Venus Medtech (Hangzhou) Inc, a prominent leader in transcatheter structural heart valvular therapies in China, is thrilled to announce the successful completion of the first two implantations of its next-generation balloon-expandable dry-tissue transcatheter aortic valve replacement (TAVR) system, Venus-Vitae. This achievement signifies the launch of the Venus-Vitae SMART-ALIGN pivotal clinical trial, which is being carried out at Prince of Wales Hospital in Hong Kong, China.
Advancing Transcatheter Valve Technology
The Venus-Vitae SMART-ALIGN trial is a significant step forward in the realm of dry-tissue valve technology. Designed to assess the safety and effectiveness of the Venus-Vitae TAVR system, this trial aims to address severe aortic stenosis with a cutting-edge solution. The successful implantation of the first two devices highlights the promising potential of the Venus-Vitae system in advancing heart valve replacement procedures.
Following these initial successes, the SMART-ALIGN trial will expand across approximately 20 centers in Europe, North America, and China. A total of 150 patients are expected to be enrolled, with the trial data being used to support regulatory registration applications in various international markets, including the EU, Canada, and China.
Collaborative Success in Clinical Procedures
The procedures at Prince of Wales Hospital were performed by Prof. So Chak Yu Kent and his team, in partnership with Prof. Scott Lim from the University of Virginia Medical Center. Both patients received 23mm Venus-Vitae implants, and the outcomes were highly promising, showcasing significant hemodynamic improvement and excellent immediate post-operative results.
“Prof. Scott Lim shared his excitement, saying, ‘After the successful implantation in the VenusP-Valve PROTEUS pivotal trial in the U.S., it has been a privilege to work alongside Dr. Kent on this important step forward.So on these initial Venus-Vitae procedures. These implantations mark significant progress for both the VenusP Valve and the Venus-Vitae valve. The Venus-Vitae valve’s innovative stent frame design and dry valve leaflet technology are particularly noteworthy for treating aortic stenosis while preserving coronary access.”
Future Prospects and Innovations
Prof. So Chak Yu Kent shared his excitement about the outcomes, saying, “Collaborating with Dr. Scott Lim on these groundbreaking implantations was a privilege. Venus-Vitae’s advanced anti-PVL technology and compact frame design effectively minimize leakage and reduce the risk of coronary artery obstruction. We are optimistic about the swift enrollment of patients, which will enable more individuals to benefit from this state-of-the-art technology in the near future.”

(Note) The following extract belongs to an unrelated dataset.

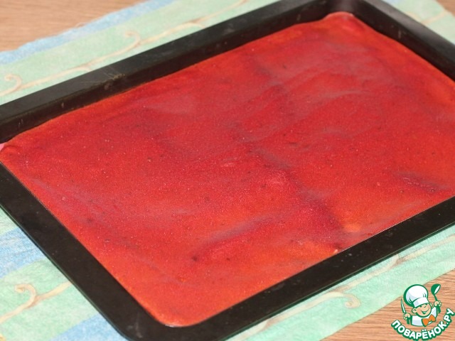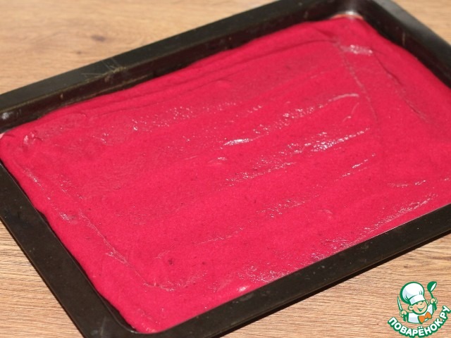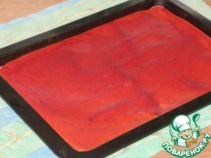 9. Включаем духовку на 180 С. Застилаем противень (32*23 см) пекарской бумагой или силиконовым ковриком и смазываем растительным маслом. У меня силиконовый коврик. Равномерно выкладываем свекольную массу на противень. Выпекаем минут 15-20. Проверяйте готовность сухой спичкой.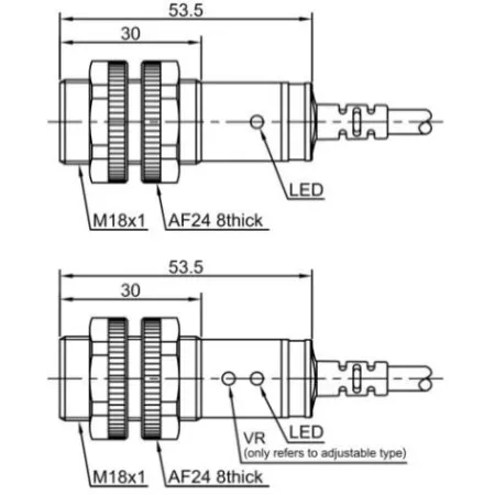 Дискретный выход: 1xНО, 1xНЗ, PNP • Диапазон измерения: 100 мм • Электрическое подключение: кабель • Длина кабеля: 2м • Крепежная резьба: M18x1 • Класс защиты: IP67 • Рабочее напряжение: 12 ÷ 24 V DC • Материал корпуса: пластик

Hou-Sen Lim, General Manager and CEO of Venus Medtech, voiced strong confidence in the future of Venus-Vitae, noting, “Venus-Vitae represents our next-generation balloon-expandable TAVR system with comprehensive global patent protection. The success of these initial implantations provides a solid foundation for the forthcoming trials in Europe, North America, and China. We are dedicated to advancing Venus-Vitae’s global clinical application and regulatory registration, ensuring our innovative technology reaches physicians and patients around the world.”
Enhancing Global Impact
The Venus-Vitae SMART-ALIGN clinical trial is a pivotal moment for Venus Medtech, marking significant progress in the development of advanced transcatheter heart valve solutions. The trial’s success underscores the potential of the Venus-Vitae system to address severe aortic stenosis with a focus on innovation and patient outcomes. As the trial expands, Venus Medtech remains committed to enhancing the global impact of its cutting-edge technology, bringing valuable solutions to the forefront of cardiovascular care.